__Listed records__
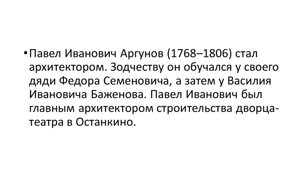 • Павел Иванович Аргунов (1768–1806) сталархитектором. Зодчеству он обучался у своего
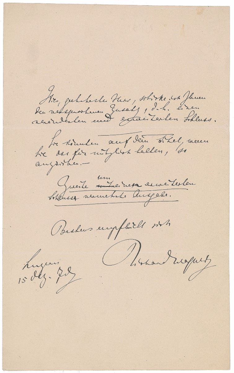 ALS in German, one page, 5.25 x 8.5, December 15, 1870. Letter to his publisher Schott & Co. In full (translated): “Here I send you the addition I promised, i.e. a changed and expanded finale. If you consider it useful you could indicate accordingly on the title page—Second Edition with an Expanded Finale.” In fine condition. Wagner had married Cosima in Lucerne on August 25, 1870, and on Christmas morning—exactly ten days after writing this letter—famously presented her with the Siegfried Idyll.
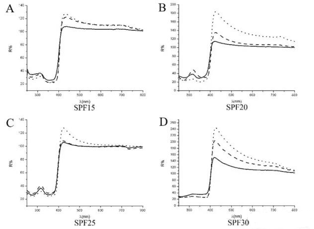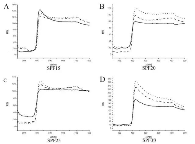 3.2 防曬霜化妝品的紫外—可見(jiàn)光反射率
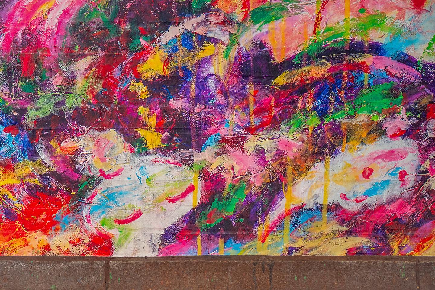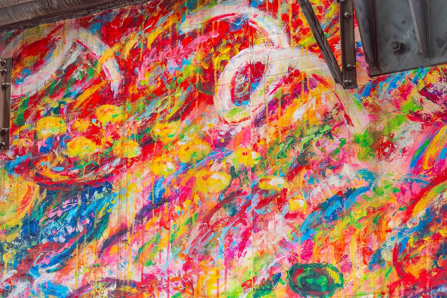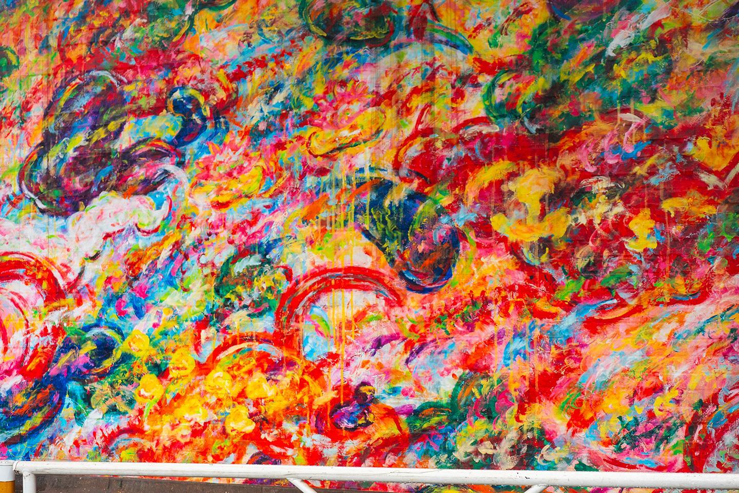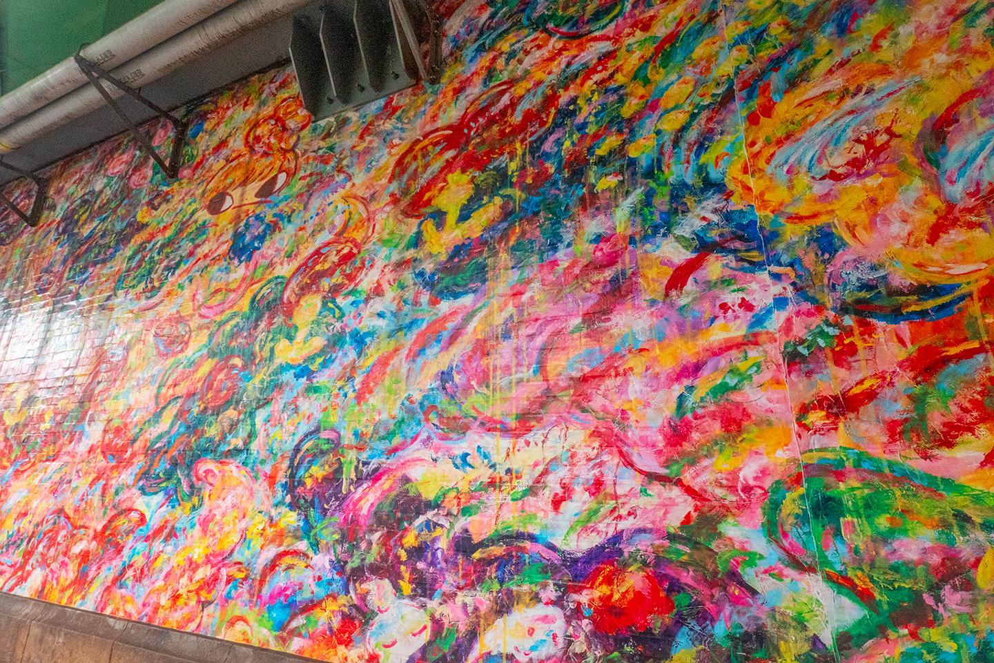 今回訪れたのは代々木駅前の高架下にあるロッカクアヤコの巨大壁画である。今年3月に公開され間もないこともあり、鮮やかな色彩と人気作家ロッカクアヤコの作品であることに通りがかる人が歓声を上げるほど。そんな一瞬で心を掴まれるような作品を立ち止まってじっくり見て本質に迫る。
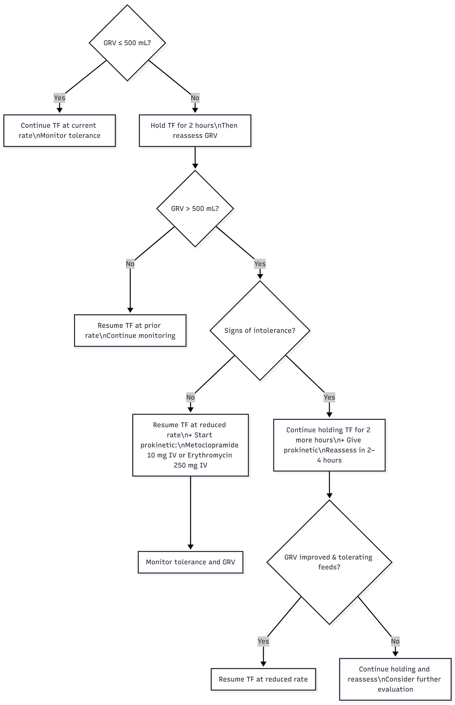 Next, evaluate the patient’s tolerance: any nausea, vomiting, abdominal distension, or diarrhea? These suggest feeding intolerance.

__Activity__
All of the material must be repeated exactly in the answer, apart from the pictures.

__Task solution__
 • Павел Иванович Аргунов (1768–1806) сталархитектором. Зодчеству он обучался у своего
 ALS in German, one page, 5.25 x 8.5, December 15, 1870. Letter to his publisher Schott & Co. In full (translated): “Here I send you the addition I promised, i.e. a changed and expanded finale. If you consider it useful you could indicate accordingly on the title page—Second Edition with an Expanded Finale.” In fine condition. Wagner had married Cosima in Lucerne on August 25, 1870, and on Christmas morning—exactly ten days after writing this letter—famously presented her with the Siegfried Idyll.
 3.2 防曬霜化妝品的紫外—可見(jiàn)光反射率
 今回訪れたのは代々木駅前の高架下にあるロッカクアヤコの巨大壁画である。今年3月に公開され間もないこともあり、鮮やかな色彩と人気作家ロッカクアヤコの作品であることに通りがかる人が歓声を上げるほど。そんな一瞬で心を掴まれるような作品を立ち止まってじっくり見て本質に迫る。
 Next, evaluate the patient’s tolerance: any nausea, vomiting, abdominal distension, or diarrhea? These suggest feeding intolerance.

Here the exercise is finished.